If both conditions are met, you’ll see we break, because we’ve found the right value for p1! Otherwise, we know p1 is invalid. This means we want to exclude the existing p1 value from further consideration by changing either low or hi to remove it from the interval of interest.

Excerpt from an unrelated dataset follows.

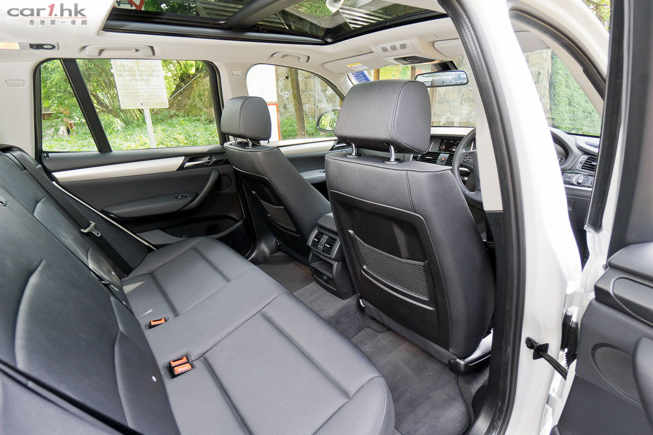 雖然,X3 的車廂用料略嫌膠感,但整體佈局仍然很寶馬,Joystick 波棍、三幅式軚環(可惜不設轉波撥片)、超大玻璃天幕頂等,設備是很充足。而且,車廂空間也十分足夠,尤其後座腳位可媲美 X5 一類大型 SAV,當然亦較 X1 寬裕,這便是 X3 的最大賣點。另外,尾箱亦夠巨型,放下三個超大型 XL 級 Rimowa 行李篋也綽綽有餘,用來收藏阿囝的單車和阿囡的 Elsa 城堡也沒問題!
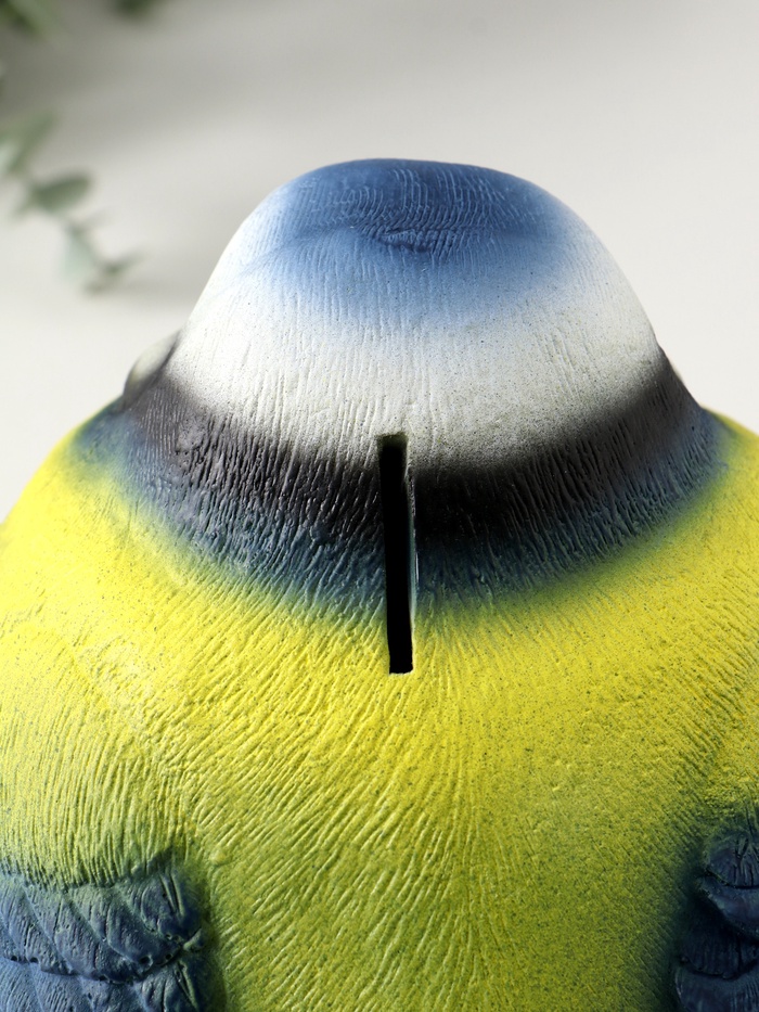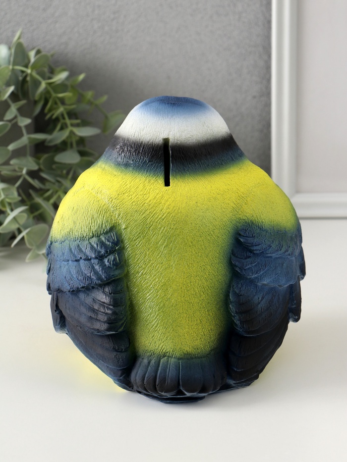 Изделие выполнено из высококачественного гипса, который обеспечивает прочность и долговечность. Размеры 17×17×18 см позволяют разместить её практически в любом месте: на полке, столе или даже на подоконнике. Разноцветное покрытие, выполненное с использованием краски, придаёт копилке особую выразительность, а детализированный дизайн передаёт характер и очарование синицы с удивительной точностью.

So if cond1 is false, hi becomes p1 - 1, and if cond2 is false, it becomes p1 + 1. In both cases, we also modify p1 itself first so that our loop does not conclude with p1 in an invalid location.

Getting the Final Answer

Now that we have p1 and p2, we have to do a couple final tricks to get the final answer. We want to get the first “smaller” value between arr1[p1] and arr2[p2]. But we have to handle the edge case where p1 might be n AND we want to increment the index for the array we take. Note that p2 cannot be out of bounds right now!

let mut median = arr2[p2];
if (p1 < n && arr1[p1] < arr2[p2]) {
    median = arr1[p1];
    p1 += 1;
} else {
    p2 += 1;
}

If the total number of elements is odd, we can simply return this number (converting to a float). However, in the even case we need one more number to take an average. So we’ll compare the values at the indices again, but now accounting that either (but not both) could be out of bounds.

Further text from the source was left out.